DATASET ENTRIES:
[Start of section]

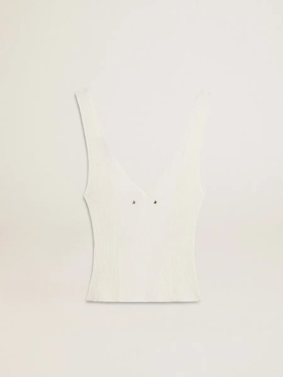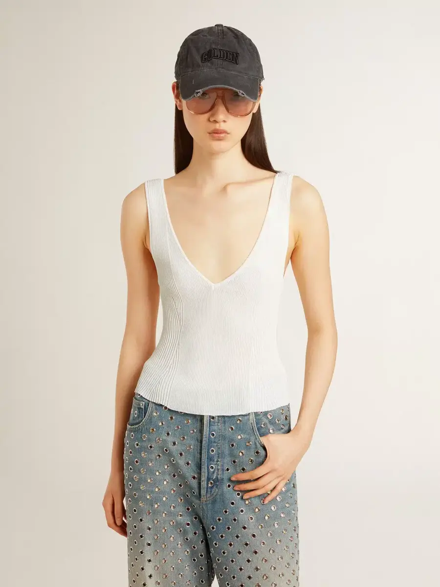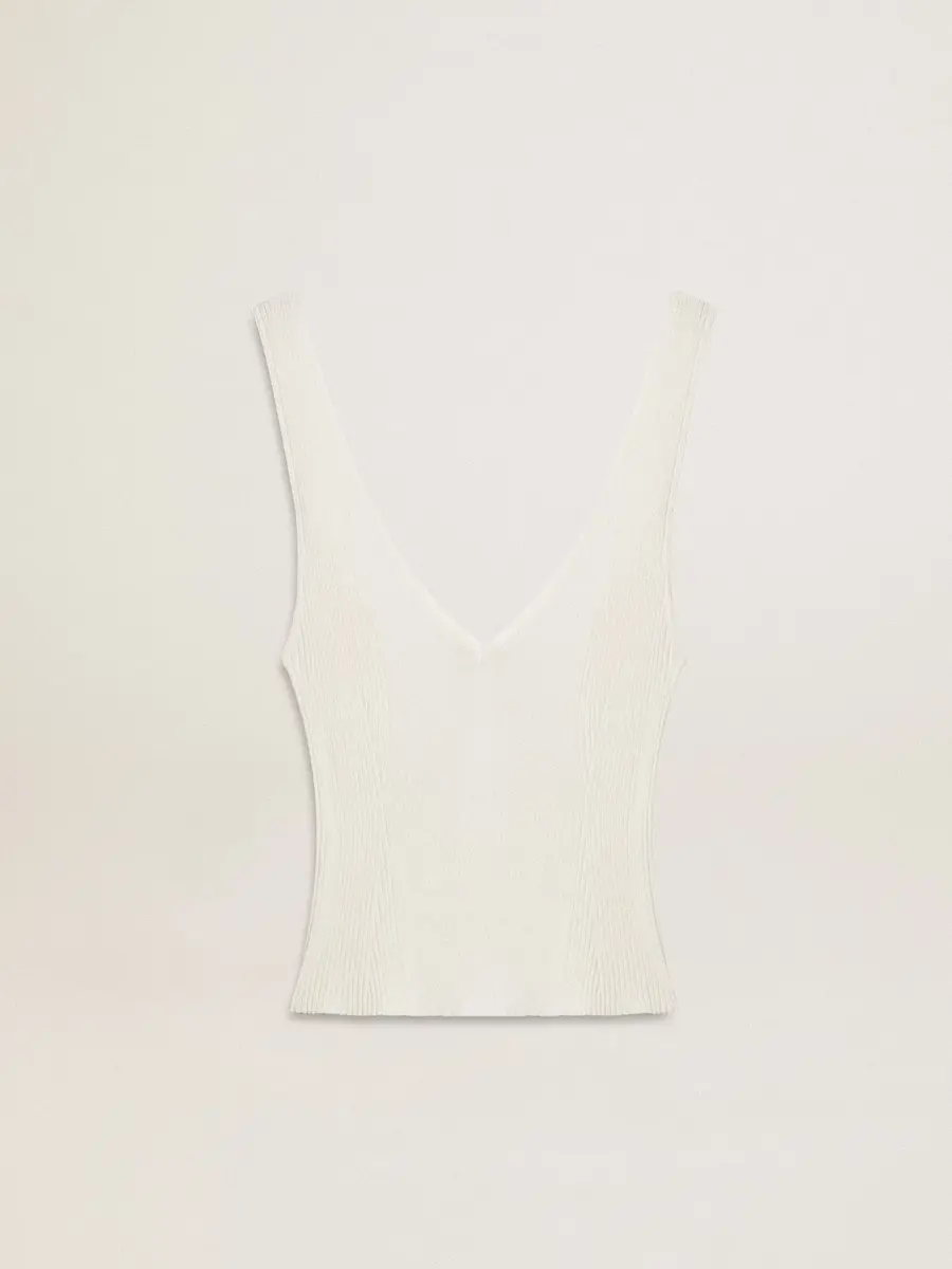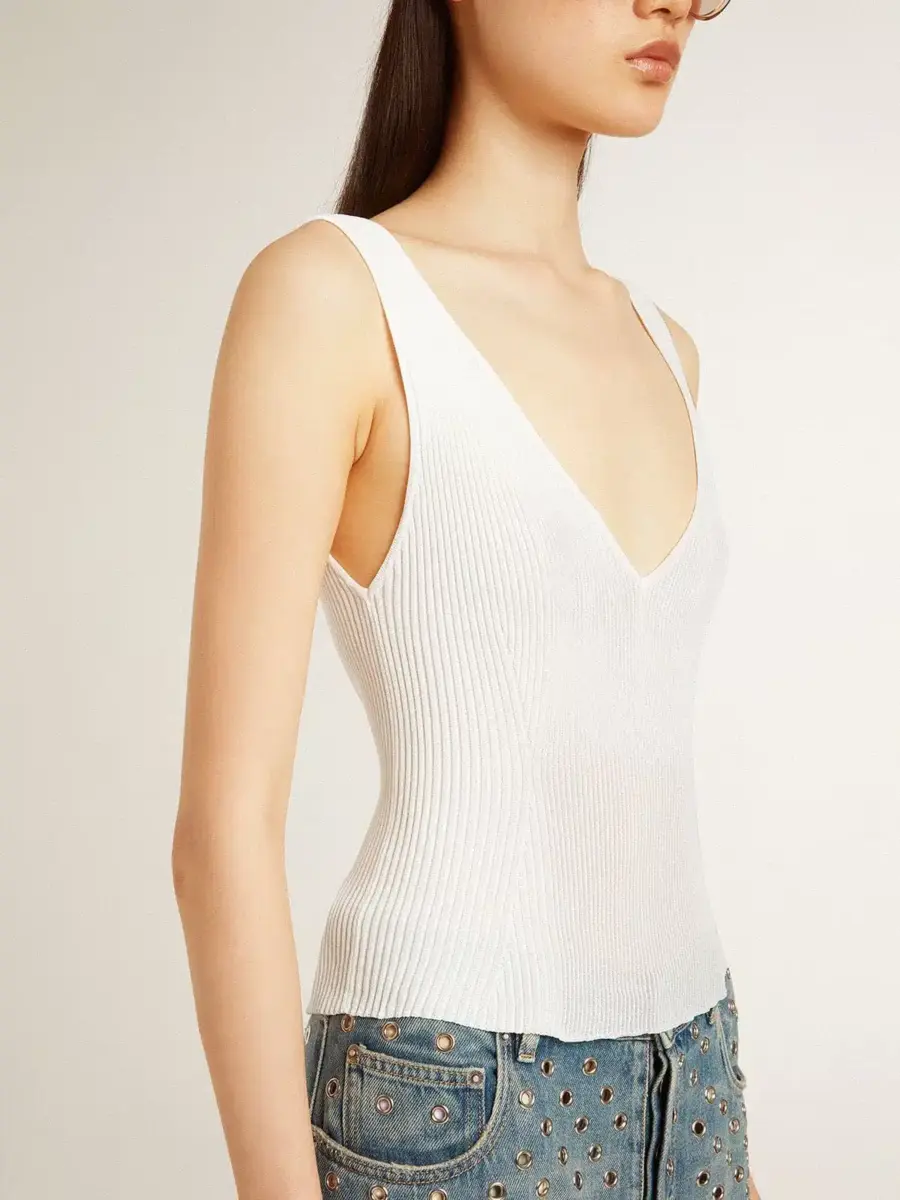 Inspirada en la energía eléctrica de los años noventa, la colección celebra el poder ilimitado de los sueños compartidos. Movidos por la pasión, cada diseño captura el significado de la unión y el poder de la música. En color blanco desgastado, este top presenta bordados acanalados tono sobre tono y un maxi escote en V en la parte delantera y trasera.
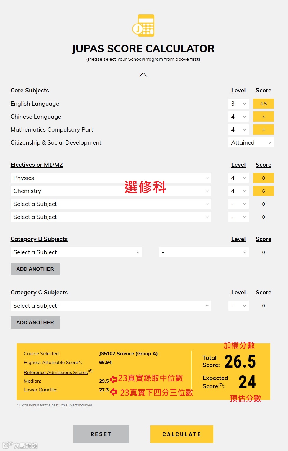 例如:以下是JS5102理学A组的结果。输入分数为中英数物化43444的一般成绩,裸分仅为5科19,加权后为5科26.5分。
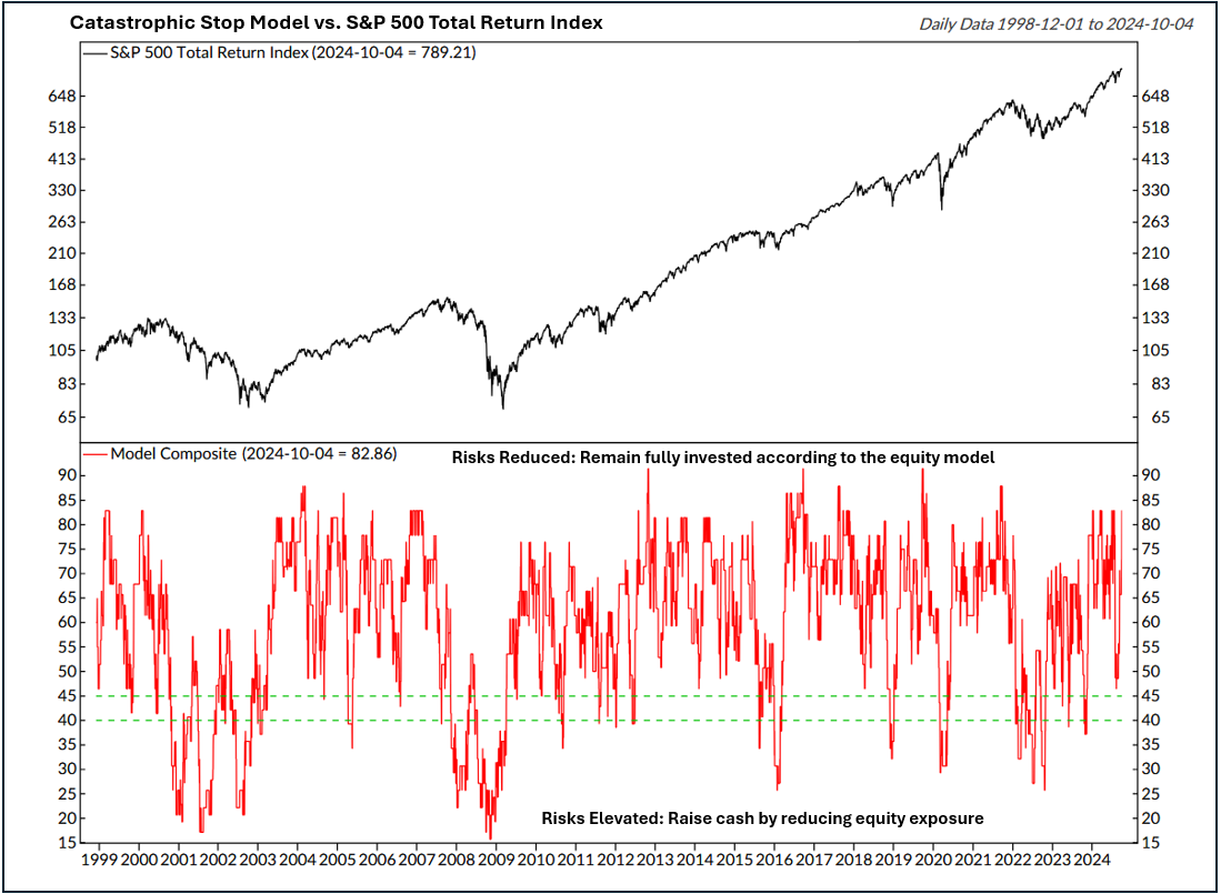 Our goal is to stay on the right side of the prevailing trend, introducing risk management when conditions deteriorate. As has been the case for all of 2024, the broader-based composite models calling U.S. economic growth, international economic growth, inflation trends, liquidity, and equity demand remain constructive. The Catastrophic Stop model is positive, and we are aligned with the message. If our models shift to bearish levels, we will raise cash.
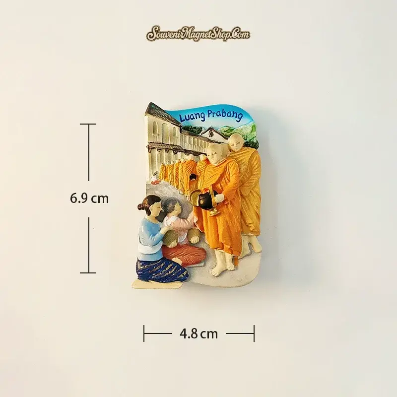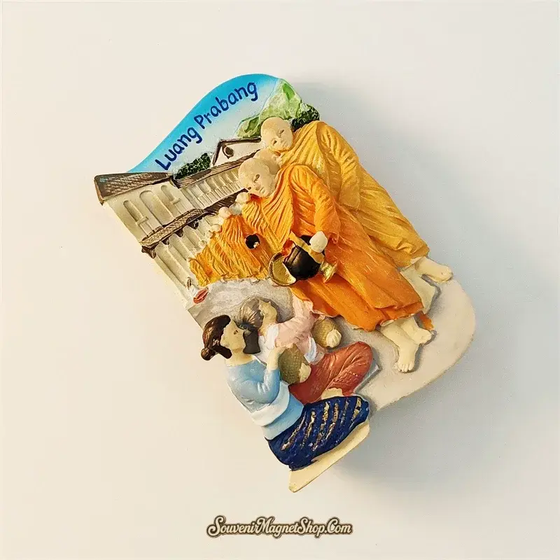 Hand-Painted 3D Luang Prabang Alms Giving Souvenir Magnet — Buddhist Monks Cultural Scene
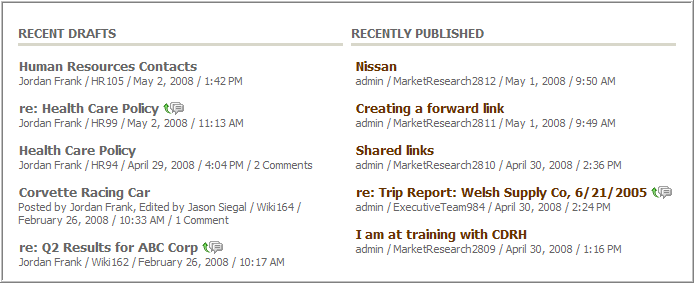Search results (TeamPage Attivio style results shown here) also can present Draft content, Published content - or both. By default, people who can read both Draft and Published content see search results that include the most recent Published results as well as any more recent versions that are still Drafts.
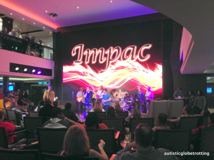 During our trip, this event took place on the small Impact stage which was surrounded by a sizeable audience. The competition’s emcee kept the hits rolling right along, and the group of backup musicians helped add just the right note to the proceedings. Travelers that plan on showing off their talents should keep in mind that this family friendly event attracts lots of attention.Therefore, a stage debut here is probably not for the faint of heart even though the crowd was incredibly respectful of the impromptu performers.
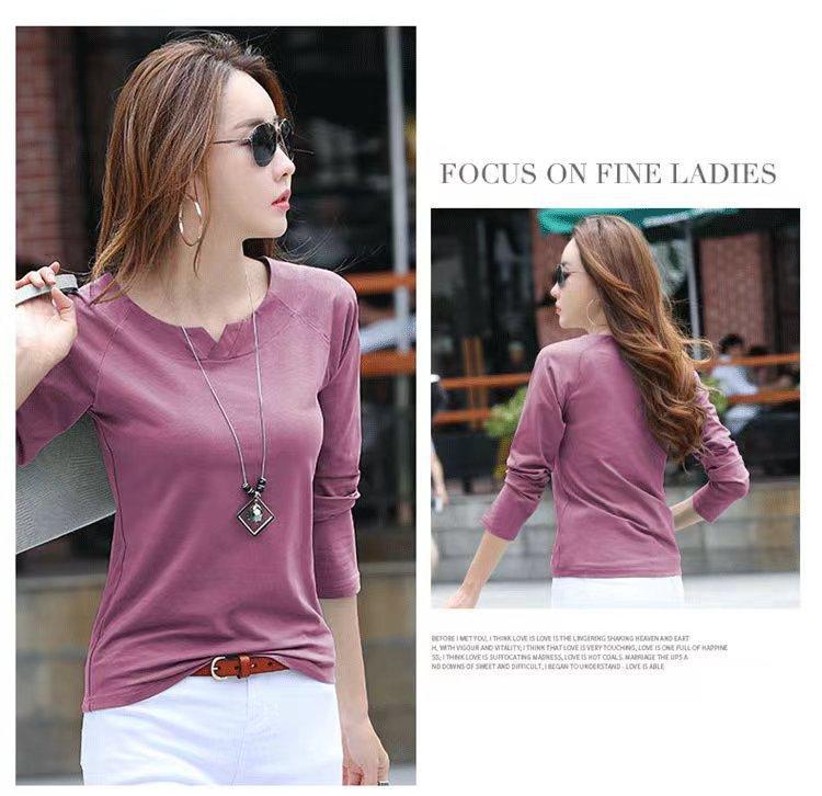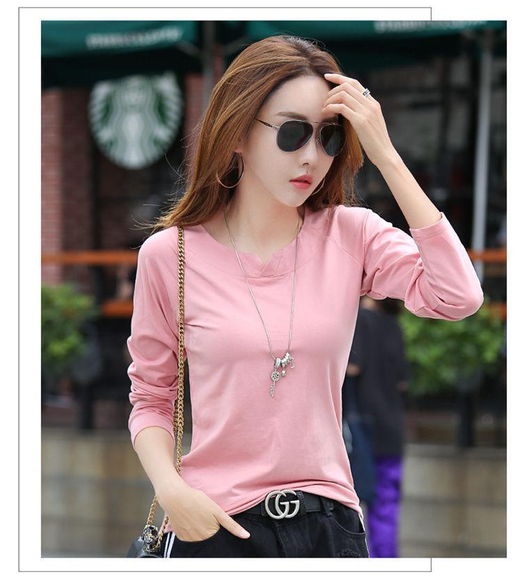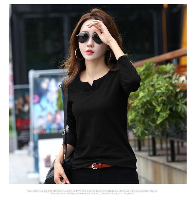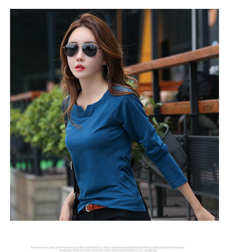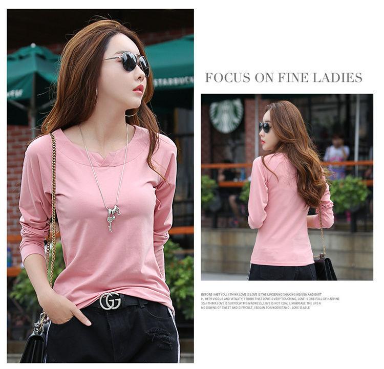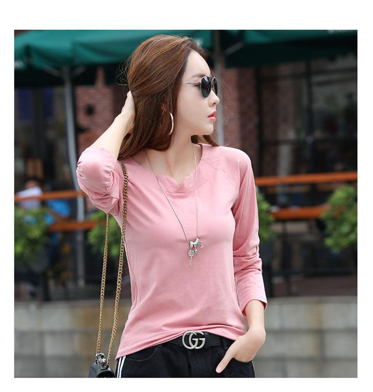 Compra Playera ajustada de cuello en V y manga larga para mujer, multicolor opcional, top para mujer 2025 estilo K primavera y otoño, nueva playera ajustada básica para mujer al por mayor en Joom.pro

[End of section]

EXERCISE: Copy the records exactly. Skip the images.

ANSWER SECTION:
 Inspirada en la energía eléctrica de los años noventa, la colección celebra el poder ilimitado de los sueños compartidos. Movidos por la pasión, cada diseño captura el significado de la unión y el poder de la música. En color blanco desgastado, este top presenta bordados acanalados tono sobre tono y un maxi escote en V en la parte delantera y trasera.
 例如:以下是JS5102理学A组的结果。输入分数为中英数物化43444的一般成绩,裸分仅为5科19,加权后为5科26.5分。
 Our goal is to stay on the right side of the prevailing trend, introducing risk management when conditions deteriorate. As has been the case for all of 2024, the broader-based composite models calling U.S. economic growth, international economic growth, inflation trends, liquidity, and equity demand remain constructive. The Catastrophic Stop model is positive, and we are aligned with the message. If our models shift to bearish levels, we will raise cash.
 Hand-Painted 3D Luang Prabang Alms Giving Souvenir Magnet — Buddhist Monks Cultural Scene
Search results (TeamPage Attivio style results shown here) also can present Draft content, Published content - or both. By default, people who can read both Draft and Published content see search results that include the most recent Published results as well as any more recent versions that are still Drafts.
 During our trip, this event took place on the small Impact stage which was surrounded by a sizeable audience. The competition’s emcee kept the hits rolling right along, and the group of backup musicians helped add just the right note to the proceedings. Travelers that plan on showing off their talents should keep in mind that this family friendly event attracts lots of attention.Therefore, a stage debut here is probably not for the faint of heart even though the crowd was incredibly respectful of the impromptu performers.
 Compra Playera ajustada de cuello en V y manga larga para mujer, multicolor opcional, top para mujer 2025 estilo K primavera y otoño, nueva playera ajustada básica para mujer al por mayor en Joom.pro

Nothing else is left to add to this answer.